A parameter of considerable interest to those testing networks and network equipment, as well as for other reasons, is packet latency. That is, how long it takes between a packet entering the network or network equipment at one point (the source) and when it is delivered at some other point (the destination).
Traditionally, packet latency has been measured by ensuring that the test equipment at the source and destination are equipped with synchronized clocks. Just as the test packet is submitted to the network at the source, the current time is encoded within that packet itself. When the packet is received at the destination, the time of arrival is noted, and by subtracting that from the time contained within the packet the latency can be calculated.
For this to work, the clocks of the source and destination test equipment must be synchronized. Synchronization has been achieved when the packets are originated and terminated in field-programmable gate arrays (FPGAs) with synchronized clocks. The synchronization consists of a central time source with a regular pulse signal to mark the start of each period (typically 10 times per second), a serial line to give the absolute time of the next pulse, and a higher frequency clock (typically 10 MHz) to maintain timing between pulses.
FIG. 1 is a high level schematic illustration of a conventional test system 10. The system 10 includes a clock distribution network at 12 coupled to a master clock 14 which generates a master clock reference 16. As shown, distribution network 12 supplies the same master clock reference 16 to interface logic 18 associated with individual FPGA-based test cards 20. Each test card 20 can include one or more test interfaces 22.

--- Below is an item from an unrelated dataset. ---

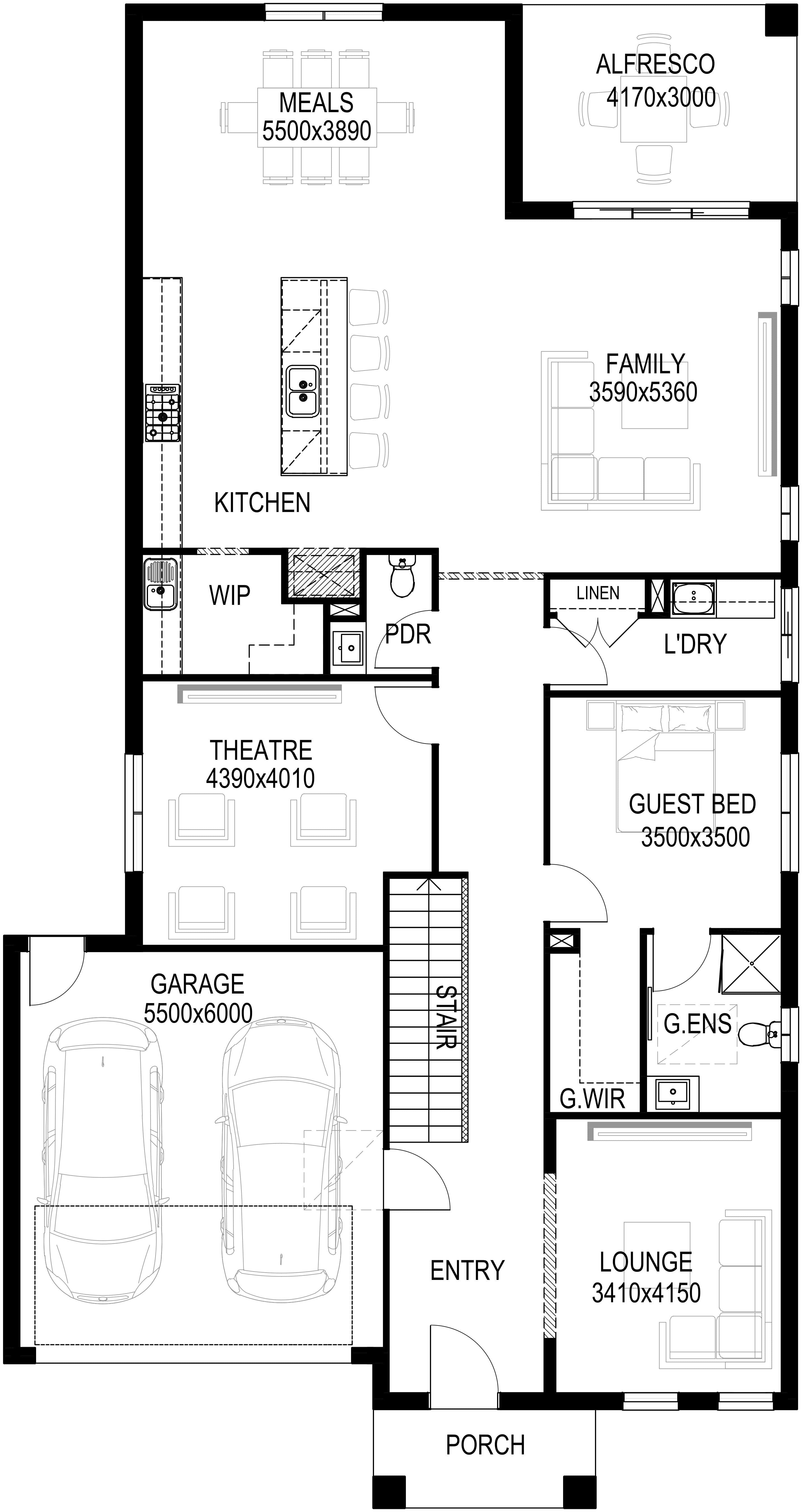 Colorado 24 combines space and functionality in a beautifully balanced two-story design. Featuring an impressive Grand Master suite with private balcony and lavish ensuite, multiple living zones including theatre, rumpus, and lounge, plus a dedicated guest suite downstairs, this home offers flexibility for every stage of family life. The open-plan kitchen, meals, and family area flow seamlessly to the alfresco, making it perfect for entertaining. With five bedrooms, four bathrooms, and a study, the Colorado is where style meets practicality for the ultimate family lifestyle.

FIG. 2 is a more detailed view of the connection between interface logic 18 and its associated FPGA-based test card 20. Using master clock reference 16, interface logic 18 provides test card 20 with the following signals: clock 24, pulses 26 and timestamp 28. Clock 24 is typically a 10 MHz reference clock while pulses 26 is typically a 10 pulses per second tick. Timestamp 28 is typically provided along a serial line carrying the actual time of day corresponding to the next pulse. Timestamp 28 can be in, for example, ASCII text. For example, timestamp 28 may carry “2013-05-31-15-45-23.7” indicating that the next pulse will occur on 31 May 2013 at time 15:45 and 23.7 seconds. Between pulses, FPGA test card 20 can count clock cycles to get a time accurate to the clock period and can use this to determine the transmission and reception time of frames.
FPGAs are integrated circuits which are designed to be programmed by the user to provide a particular function. The function is therefore effectively provided in hardware. FPGAs provide a fast, powerful tool for the circuit designer. In contrast, the same function provided using a CPU (central processing unit) is effectively provided via software. While FPGAs are powerful, fast and very useful, they are much more expensive than CPU devices.